Google Business Profile (GBP)
A business's listing in Google Search and Maps; a foundational local-SEO asset that must be accurate and actively managed.
Weedmaps
A leading cannabis directory and discovery platform; an essential listing for most consumer-facing dispensaries.
Leafly
A major cannabis directory and content platform; the other essential dispensary listing alongside Weedmaps.
NAP consistency
Keeping your Name, Address and Phone identical across all directories and listings — a local-ranking and trust signal.
Location page
A page dedicated to a specific store or service area, used to rank in each local market a business operates in.

Channels & metrics

Owned media
Channels you control — your website, blog, email list. The backbone of cannabis marketing given paid restrictions.
Earned media
Coverage and links you earn rather than pay for — PR, mentions, reviews.
Programmatic (cannabis-aware)
Automated ad buying through networks that permit compliant cannabis placements where mainstream platforms don't.
Conversion rate optimization (CRO)
Improving the share of visitors who take a desired action, such as requesting a consultation.
Customer acquisition cost (CAC)
The total cost to acquire one customer; central to budgeting in thin-margin verticals like retail.
Lead generation
Generating qualified inbound enquiries — the primary goal for most B2B cannabis-industry businesses.
Customer lifetime value (LTV)
The total revenue expected from a customer relationship; high-LTV verticals (law, real estate) justify patient marketing investment.
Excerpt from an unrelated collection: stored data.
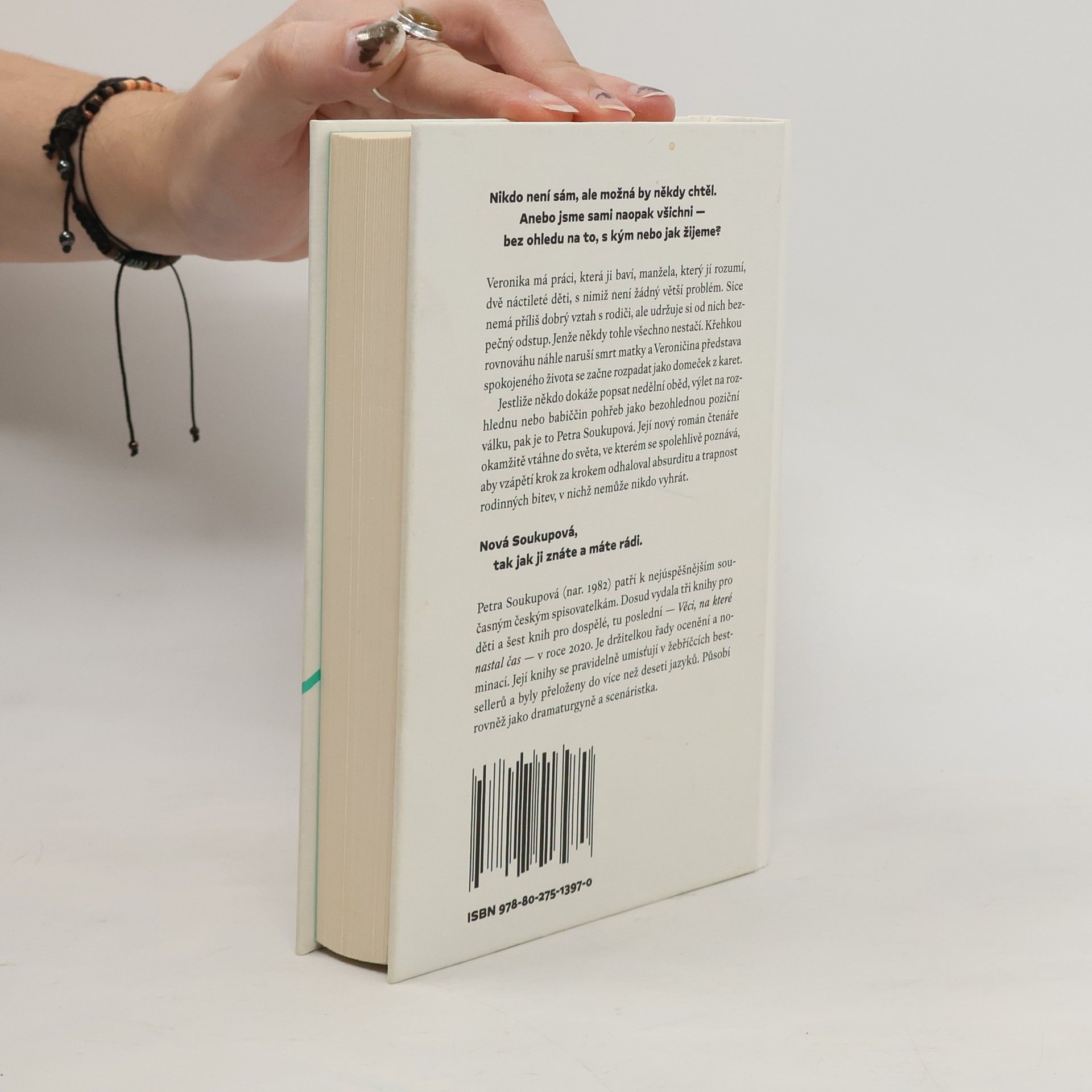 Nikdo není sám, ale možná by někdy chtěl. Anebo jsme sami naopak všichni — bez ohledu na to, s kým nebo jak žijeme?Veronika má práci, která ji baví, manžela, který jí rozumí, dvě náctileté děti, s nimiž není žádný větší problém. Sice nemá příliš dobrý vztah s rodiči, ale udržuje si od nich bezpečný odstup. Jenže někdy tohle všechno nestačí. Křehkou rovnováhu náhle naruší smrt matky a Veroničina představa spokojeného života se začne rozpadat jako domeček z karet.Jestliže někdo dokáže popsat nedělní oběd, výlet na rozhlednu nebo babiččin pohřeb jako bezohlednou poziční válku, pak je to Petra Soukupová. Její nový román čtenáře okamžitě vtáhne do světa, ve kterém se spolehlivě poznává, aby vzápětí krok za krokem odhaloval absurditu a trapnost rodinných bitev, v nichž nemůže nikdo vyhrát.Nová Soukupová, tak jak ji znáte a máte rádi.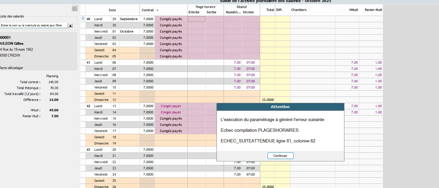Nous avons un message d’erreur qui est apparu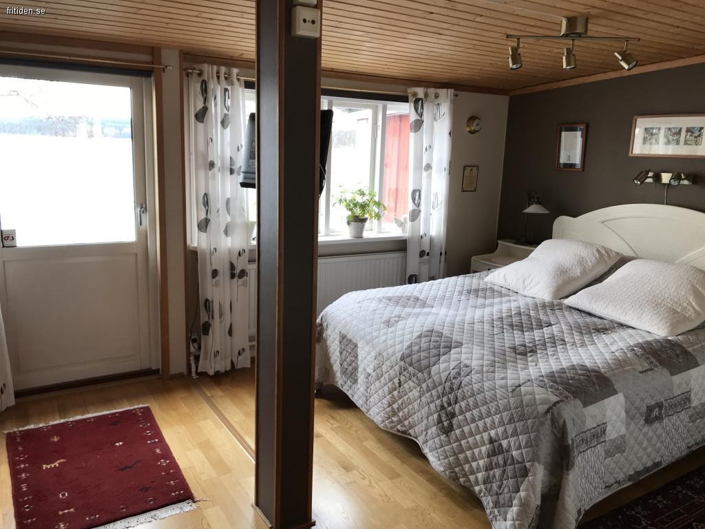 Stor inhägnad trädgård med tre utemöbelsittgrupper, egen brygga och roddbåt. Stor veranda med grill. Kök, ett sovrum med dubbelsäng och en sovalkov med plats för två bäddar i anslutning till TV-rum, vardagsrum, två separata toaletter med dusch, bastu med inglasat uterum och utsikt över sjön, öppen spis, wi-fi.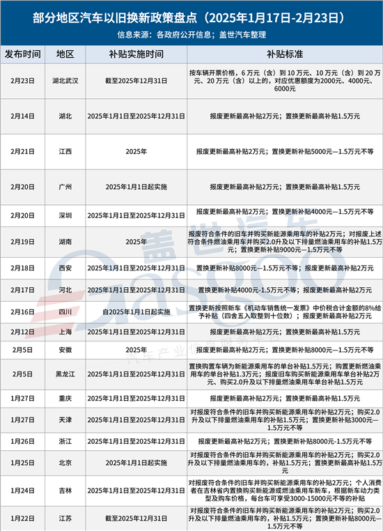 在“国补”政策出台后,全国各地积极响应,纷纷推出具体措施。据盖世汽车不完全统计,从1月中旬至2月23日期间,已有超过15个地区包括北京、上海、湖北、江苏、江西、湖南和天津等地出台相关方案,以此来激发汽车消费潜能,提振消费信心,增强消费活力。本篇是相关政策梳理,供业界参考。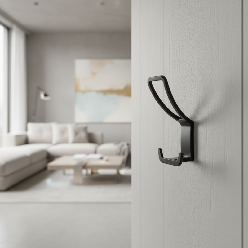 Der elegante und markante Kleiderhaken TANIA XL in mattem Schwarz ist eine moderne Lösung für jedes Interieur. Dank seiner zeitlosen Form wirkt er leicht, bietet aber gleichzeitig eine stabile und praktische Unterstützung für Kleidung, Taschen oder Accessoires.

See the compliance guide, cannabis SEO guide and our advertising-restrictions reference.

Frequently asked questions

What is the difference between a plant-touching and an ancillary cannabis business?

A plant-touching business handles cannabis directly — cultivators, manufacturers, dispensaries and transporters — and faces the heaviest advertising restrictions. An ancillary business serves the industry without touching the plant (testing, packaging, software, insurance, banking) and generally has more marketing latitude.

Why does E-E-A-T matter more for cannabis content?

E-E-A-T (experience, expertise, authoritativeness, trustworthiness) is how Google judges content quality, and it carries extra weight for topics that can affect health, finances or legal standing. Cannabis touches all three, so clear authorship, accurate sourcing and genuine depth matter more than in low-stakes niches.

Are Weedmaps and Leafly the same thing?

They're both major cannabis directories and discovery platforms, and most consumer-facing dispensaries list on both. They serve overlapping purposes — listings, reviews and discovery — and together with Google Business Profile form the core of a dispensary's local footprint.